→ EXERCISE
Every line below between the one holding "Mongolischer Faux-Fur langer" and the one holding "Свитер Arora с", inclusive, should be copied exactly, and no other line.

→ Stored records
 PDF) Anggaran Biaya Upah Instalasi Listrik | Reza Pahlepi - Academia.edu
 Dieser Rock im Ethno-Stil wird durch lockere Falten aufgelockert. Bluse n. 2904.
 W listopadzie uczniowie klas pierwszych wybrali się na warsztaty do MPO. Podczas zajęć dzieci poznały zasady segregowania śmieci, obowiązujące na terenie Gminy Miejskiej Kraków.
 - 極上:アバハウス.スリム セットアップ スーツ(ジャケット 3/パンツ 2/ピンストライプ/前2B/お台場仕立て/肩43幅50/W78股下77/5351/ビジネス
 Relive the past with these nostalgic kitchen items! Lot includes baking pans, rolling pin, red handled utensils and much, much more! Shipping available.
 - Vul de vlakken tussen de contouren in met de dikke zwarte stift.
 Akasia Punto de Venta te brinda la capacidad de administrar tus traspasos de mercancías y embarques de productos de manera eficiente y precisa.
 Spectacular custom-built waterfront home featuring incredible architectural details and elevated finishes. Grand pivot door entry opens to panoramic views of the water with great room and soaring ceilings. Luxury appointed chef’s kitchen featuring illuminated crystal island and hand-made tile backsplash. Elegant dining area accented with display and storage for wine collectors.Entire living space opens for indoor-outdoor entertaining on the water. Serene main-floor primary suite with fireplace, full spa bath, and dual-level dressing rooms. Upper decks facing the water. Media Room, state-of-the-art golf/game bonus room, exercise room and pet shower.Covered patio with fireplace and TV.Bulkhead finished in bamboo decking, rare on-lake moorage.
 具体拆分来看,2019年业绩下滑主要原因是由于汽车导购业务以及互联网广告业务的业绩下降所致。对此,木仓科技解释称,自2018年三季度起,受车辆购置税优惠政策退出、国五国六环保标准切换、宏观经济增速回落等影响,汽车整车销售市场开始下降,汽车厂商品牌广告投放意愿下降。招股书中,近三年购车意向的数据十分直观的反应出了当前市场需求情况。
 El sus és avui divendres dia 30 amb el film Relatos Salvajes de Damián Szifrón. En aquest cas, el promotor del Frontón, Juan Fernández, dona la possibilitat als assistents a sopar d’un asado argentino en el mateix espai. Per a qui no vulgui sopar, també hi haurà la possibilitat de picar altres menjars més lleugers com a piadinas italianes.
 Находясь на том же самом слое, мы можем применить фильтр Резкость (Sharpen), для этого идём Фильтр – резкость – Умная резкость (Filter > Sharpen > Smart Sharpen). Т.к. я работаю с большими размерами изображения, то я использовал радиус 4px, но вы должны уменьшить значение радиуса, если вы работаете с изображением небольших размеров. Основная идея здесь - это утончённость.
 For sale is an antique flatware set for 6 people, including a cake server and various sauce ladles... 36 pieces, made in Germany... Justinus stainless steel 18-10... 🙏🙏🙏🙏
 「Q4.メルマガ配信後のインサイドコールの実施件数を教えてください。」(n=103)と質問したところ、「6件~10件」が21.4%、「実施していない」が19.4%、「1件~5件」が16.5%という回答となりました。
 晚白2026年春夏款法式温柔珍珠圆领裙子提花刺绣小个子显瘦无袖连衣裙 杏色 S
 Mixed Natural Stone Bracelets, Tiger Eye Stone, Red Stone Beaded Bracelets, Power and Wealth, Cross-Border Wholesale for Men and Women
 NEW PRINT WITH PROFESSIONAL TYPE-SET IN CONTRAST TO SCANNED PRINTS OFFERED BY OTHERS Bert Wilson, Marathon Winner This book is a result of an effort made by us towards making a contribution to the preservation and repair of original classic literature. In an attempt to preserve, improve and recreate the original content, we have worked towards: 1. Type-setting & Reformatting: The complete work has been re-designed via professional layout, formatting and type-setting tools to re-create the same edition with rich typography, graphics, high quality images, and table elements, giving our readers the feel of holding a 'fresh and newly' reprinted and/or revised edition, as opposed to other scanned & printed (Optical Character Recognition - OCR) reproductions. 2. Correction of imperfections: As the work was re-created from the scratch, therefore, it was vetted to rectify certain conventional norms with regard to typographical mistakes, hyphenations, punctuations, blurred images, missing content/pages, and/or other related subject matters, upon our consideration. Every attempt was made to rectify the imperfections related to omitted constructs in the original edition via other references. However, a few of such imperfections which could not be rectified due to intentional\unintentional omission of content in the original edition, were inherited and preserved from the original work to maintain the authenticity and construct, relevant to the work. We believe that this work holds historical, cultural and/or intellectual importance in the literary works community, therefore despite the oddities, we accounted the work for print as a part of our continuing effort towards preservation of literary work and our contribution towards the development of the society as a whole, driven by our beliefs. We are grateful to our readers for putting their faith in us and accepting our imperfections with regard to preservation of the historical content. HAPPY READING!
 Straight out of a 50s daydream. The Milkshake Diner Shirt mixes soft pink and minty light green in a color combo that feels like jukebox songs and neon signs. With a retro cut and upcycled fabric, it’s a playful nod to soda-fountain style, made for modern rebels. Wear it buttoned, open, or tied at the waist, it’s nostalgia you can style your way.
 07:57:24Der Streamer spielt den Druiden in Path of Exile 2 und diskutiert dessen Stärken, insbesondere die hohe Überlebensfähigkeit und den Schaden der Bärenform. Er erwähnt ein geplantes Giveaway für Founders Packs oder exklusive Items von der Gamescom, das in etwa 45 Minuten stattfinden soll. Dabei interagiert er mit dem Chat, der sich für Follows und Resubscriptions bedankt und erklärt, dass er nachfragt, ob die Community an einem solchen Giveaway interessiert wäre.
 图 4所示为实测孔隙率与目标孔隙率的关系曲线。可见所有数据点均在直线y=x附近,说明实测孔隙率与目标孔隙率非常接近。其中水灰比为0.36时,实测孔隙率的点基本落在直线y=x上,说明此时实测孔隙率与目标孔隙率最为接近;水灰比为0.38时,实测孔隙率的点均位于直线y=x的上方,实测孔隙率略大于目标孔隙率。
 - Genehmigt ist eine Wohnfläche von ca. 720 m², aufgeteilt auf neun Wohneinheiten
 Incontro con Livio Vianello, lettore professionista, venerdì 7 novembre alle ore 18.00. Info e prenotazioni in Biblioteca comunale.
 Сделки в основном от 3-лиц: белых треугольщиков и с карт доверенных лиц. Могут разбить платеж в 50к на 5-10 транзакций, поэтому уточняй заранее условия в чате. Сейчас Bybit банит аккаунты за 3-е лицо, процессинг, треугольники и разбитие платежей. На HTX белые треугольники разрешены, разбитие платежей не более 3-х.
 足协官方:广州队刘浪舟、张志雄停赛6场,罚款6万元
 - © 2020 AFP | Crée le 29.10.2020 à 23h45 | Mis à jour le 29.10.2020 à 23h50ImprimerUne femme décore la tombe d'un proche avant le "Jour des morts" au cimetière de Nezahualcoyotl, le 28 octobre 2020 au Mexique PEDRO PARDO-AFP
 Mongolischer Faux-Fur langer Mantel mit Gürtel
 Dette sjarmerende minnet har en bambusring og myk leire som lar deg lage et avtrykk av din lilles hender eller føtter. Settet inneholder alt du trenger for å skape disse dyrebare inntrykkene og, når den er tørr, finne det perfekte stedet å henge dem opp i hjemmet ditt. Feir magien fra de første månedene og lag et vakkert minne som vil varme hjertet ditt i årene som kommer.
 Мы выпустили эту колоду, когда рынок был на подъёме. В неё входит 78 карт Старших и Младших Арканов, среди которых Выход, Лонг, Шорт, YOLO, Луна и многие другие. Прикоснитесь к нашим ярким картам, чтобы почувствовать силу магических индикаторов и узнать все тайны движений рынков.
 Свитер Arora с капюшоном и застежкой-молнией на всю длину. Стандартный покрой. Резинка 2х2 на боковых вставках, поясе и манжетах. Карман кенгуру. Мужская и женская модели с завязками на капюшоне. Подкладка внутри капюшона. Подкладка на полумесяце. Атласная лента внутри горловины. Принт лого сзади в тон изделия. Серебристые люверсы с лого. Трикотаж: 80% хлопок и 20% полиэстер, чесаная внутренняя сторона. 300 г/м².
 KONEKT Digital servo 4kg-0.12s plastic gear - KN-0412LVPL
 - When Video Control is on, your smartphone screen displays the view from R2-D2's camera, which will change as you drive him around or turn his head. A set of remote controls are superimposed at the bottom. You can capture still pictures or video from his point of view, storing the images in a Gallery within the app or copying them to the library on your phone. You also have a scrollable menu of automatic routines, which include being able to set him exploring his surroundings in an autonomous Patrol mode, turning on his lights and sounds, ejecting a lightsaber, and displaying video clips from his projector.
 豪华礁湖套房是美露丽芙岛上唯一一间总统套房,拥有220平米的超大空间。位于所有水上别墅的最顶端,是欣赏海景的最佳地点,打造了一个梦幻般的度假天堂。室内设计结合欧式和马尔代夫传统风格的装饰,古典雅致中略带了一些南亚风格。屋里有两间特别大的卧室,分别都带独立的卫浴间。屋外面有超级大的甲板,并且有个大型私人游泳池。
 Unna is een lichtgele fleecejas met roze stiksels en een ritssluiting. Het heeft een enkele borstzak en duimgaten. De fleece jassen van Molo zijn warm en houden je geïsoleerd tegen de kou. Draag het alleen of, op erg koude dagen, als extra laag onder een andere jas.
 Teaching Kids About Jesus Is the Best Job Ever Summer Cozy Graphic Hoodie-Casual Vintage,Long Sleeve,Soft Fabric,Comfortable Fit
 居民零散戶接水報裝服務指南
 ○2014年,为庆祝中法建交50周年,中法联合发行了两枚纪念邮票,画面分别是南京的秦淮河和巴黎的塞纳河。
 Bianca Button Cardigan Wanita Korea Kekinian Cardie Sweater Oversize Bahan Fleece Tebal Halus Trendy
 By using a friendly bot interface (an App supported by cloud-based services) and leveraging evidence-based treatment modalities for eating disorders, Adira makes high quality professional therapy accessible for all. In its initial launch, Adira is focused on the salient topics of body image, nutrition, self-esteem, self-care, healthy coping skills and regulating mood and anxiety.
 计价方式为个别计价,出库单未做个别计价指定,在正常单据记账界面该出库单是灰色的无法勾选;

→ YOUR SOLUTION
 Mongolischer Faux-Fur langer Mantel mit Gürtel
 Dette sjarmerende minnet har en bambusring og myk leire som lar deg lage et avtrykk av din lilles hender eller føtter. Settet inneholder alt du trenger for å skape disse dyrebare inntrykkene og, når den er tørr, finne det perfekte stedet å henge dem opp i hjemmet ditt. Feir magien fra de første månedene og lag et vakkert minne som vil varme hjertet ditt i årene som kommer.
 Мы выпустили эту колоду, когда рынок был на подъёме. В неё входит 78 карт Старших и Младших Арканов, среди которых Выход, Лонг, Шорт, YOLO, Луна и многие другие. Прикоснитесь к нашим ярким картам, чтобы почувствовать силу магических индикаторов и узнать все тайны движений рынков.
 Свитер Arora с капюшоном и застежкой-молнией на всю длину. Стандартный покрой. Резинка 2х2 на боковых вставках, поясе и манжетах. Карман кенгуру. Мужская и женская модели с завязками на капюшоне. Подкладка внутри капюшона. Подкладка на полумесяце. Атласная лента внутри горловины. Принт лого сзади в тон изделия. Серебристые люверсы с лого. Трикотаж: 80% хлопок и 20% полиэстер, чесаная внутренняя сторона. 300 г/м².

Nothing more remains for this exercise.